Electrical circuits - a practical guide
As we progressed through the course on electromagnetism we have come across ideas that have very pratical uses in electrical and electronic circuits. In particular, the potential difference, that we associate with charges and electric fields is typically referred to as the ‘voltage’ in electrical circuits. We typically ‘drive our electronics with steady voltages (d.c. - direct current!, e.g. batteries) or alternating voltages (a.c. - alternating current, e.g. mains electricity).

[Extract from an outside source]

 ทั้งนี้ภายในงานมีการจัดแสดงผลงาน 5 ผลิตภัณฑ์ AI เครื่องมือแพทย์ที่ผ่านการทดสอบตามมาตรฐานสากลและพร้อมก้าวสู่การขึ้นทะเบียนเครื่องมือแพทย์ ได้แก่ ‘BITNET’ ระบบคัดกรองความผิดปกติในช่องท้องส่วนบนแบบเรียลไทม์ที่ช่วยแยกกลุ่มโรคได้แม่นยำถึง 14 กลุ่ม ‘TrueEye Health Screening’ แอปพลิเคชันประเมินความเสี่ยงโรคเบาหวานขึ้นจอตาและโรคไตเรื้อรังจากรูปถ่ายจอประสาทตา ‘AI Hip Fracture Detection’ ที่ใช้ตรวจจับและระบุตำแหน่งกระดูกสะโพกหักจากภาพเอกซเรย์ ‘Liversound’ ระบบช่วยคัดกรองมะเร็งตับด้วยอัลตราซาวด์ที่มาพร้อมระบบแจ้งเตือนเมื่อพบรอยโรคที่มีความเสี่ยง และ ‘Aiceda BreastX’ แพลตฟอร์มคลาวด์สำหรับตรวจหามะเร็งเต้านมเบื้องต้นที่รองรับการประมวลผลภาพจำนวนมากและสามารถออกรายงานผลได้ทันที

Alternating voltages can be any form (sine, square, sawtooth or of arbitary) but once you’ve fully grasped the ideas of fourier series/transforms and Laplace transforms you can see that we can ’construct’ any waveform from alternating voltages of different frequencies. Hence, to understand how circuits react to sinusoidal wave forms is mostly what we need to caclulate. Hence, in the following we’ll consider sinusoidal voltages only.
The other fundamental property we considered is current. Again our circuits are normally connected by wires through which the current can flow from the power source. We are particularly interested to find the relationship between the voltages and currents.
1. Ohms Law - Resistors
You are all familar with Ohm’s law.
\(\displaystyle V=IR\)
and the power delivered to the resistor as,
\(\displaystyle P=IV=\frac{V^2}{R}=I^2R\)

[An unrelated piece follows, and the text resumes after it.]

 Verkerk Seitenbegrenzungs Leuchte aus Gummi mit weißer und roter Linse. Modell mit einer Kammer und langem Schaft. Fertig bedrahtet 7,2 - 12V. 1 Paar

If we apply an alternating sinusoidal voltage to our resistor \(v=V_0\sin(\omega t)\) (note, lower case symbols for \(V\),\(I\) etc are often used to denote alternating quantities) we see that the current in the resistor will be,
\(\displaystyle i=\frac{v}{R}=\frac{V_0 \sin(\omega t)}{R}\)
where we note that the current in the resistor is in phase with the voltage applied. The power delivered is then taken by the root of the mean square of \(V^2/R\) over the alternating cycle so,
\(\displaystyle P=\frac{V_{rms}^2}{R}\).
For a sinusoidal voltage the mean square voltage is given by,
\(\displaystyle \frac{\int_0^T(V_0 \sin(\omega t))^2 dt}{\int_0^{T}dt}=\frac{V_0^2}{2}\)

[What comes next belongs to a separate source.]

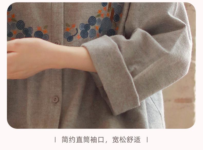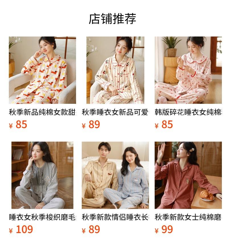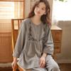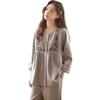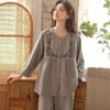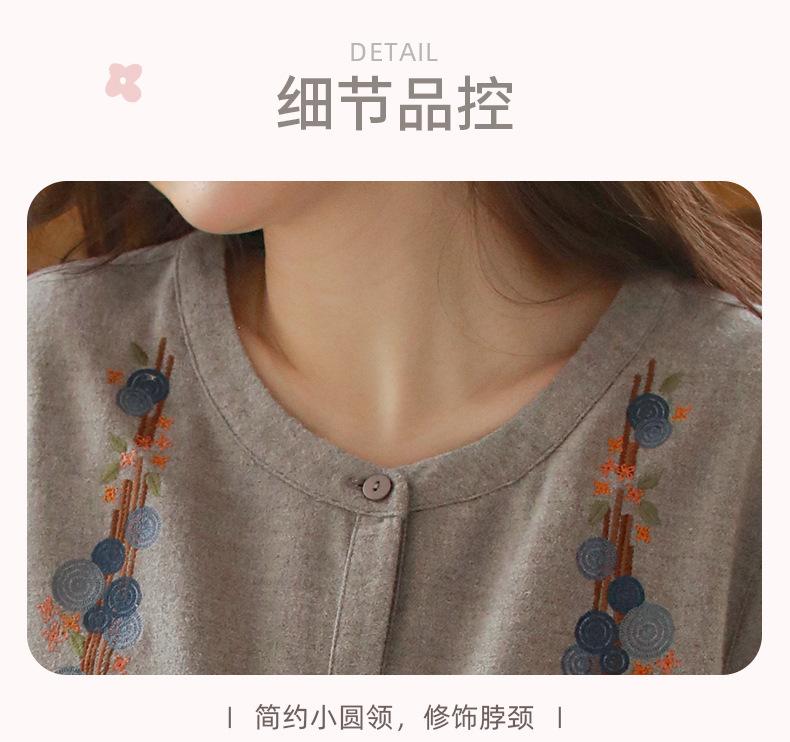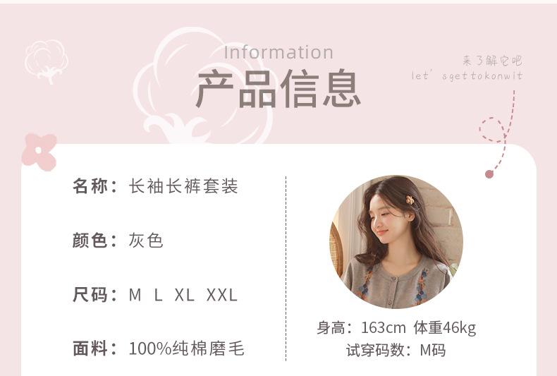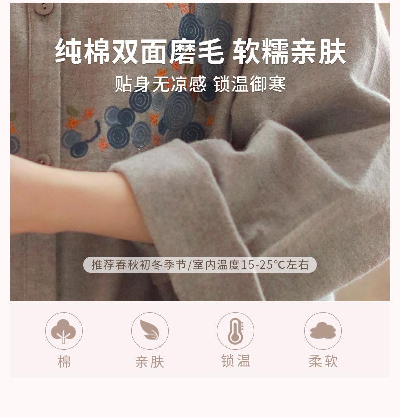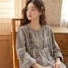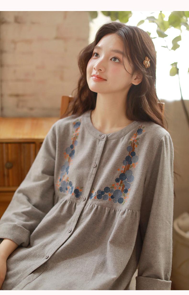 Otoño Nuevo Pijama de Mujer Algodón Franela Bordado de Alta Gama Manga Larga Ropa de Casa Set de Cuello Redondo

where \(T=\frac{2\pi}{\omega}\). So the root of the mean square voltage is then \(V_0/\sqrt{2}\).
Partical Note. It is often assumed that \(V_{rms}\) is always \(V_0/\sqrt{2}\). This is not true, for example, for a square wave \(V_{rms}=V_0\). Most common (and cheap) meters that claim they measure \(V_{rms}\) for alternating voltages actually measure \(V_0\) (i.e. the peak voltage) and divide this by \(\sqrt{2}\) and display the result. Hence they are only correct when measureing sinusoidal voltages. Higher quality laboratory meters will usually measure ‘true’ r.m.s. voltages by properly averaging. Hence, when measuring a.c. voltages and currents its always a good idea to read the manual for the meter, or check the measurement to see if it is different when you apply a sinusoidal or square wave with the same \(V_0\).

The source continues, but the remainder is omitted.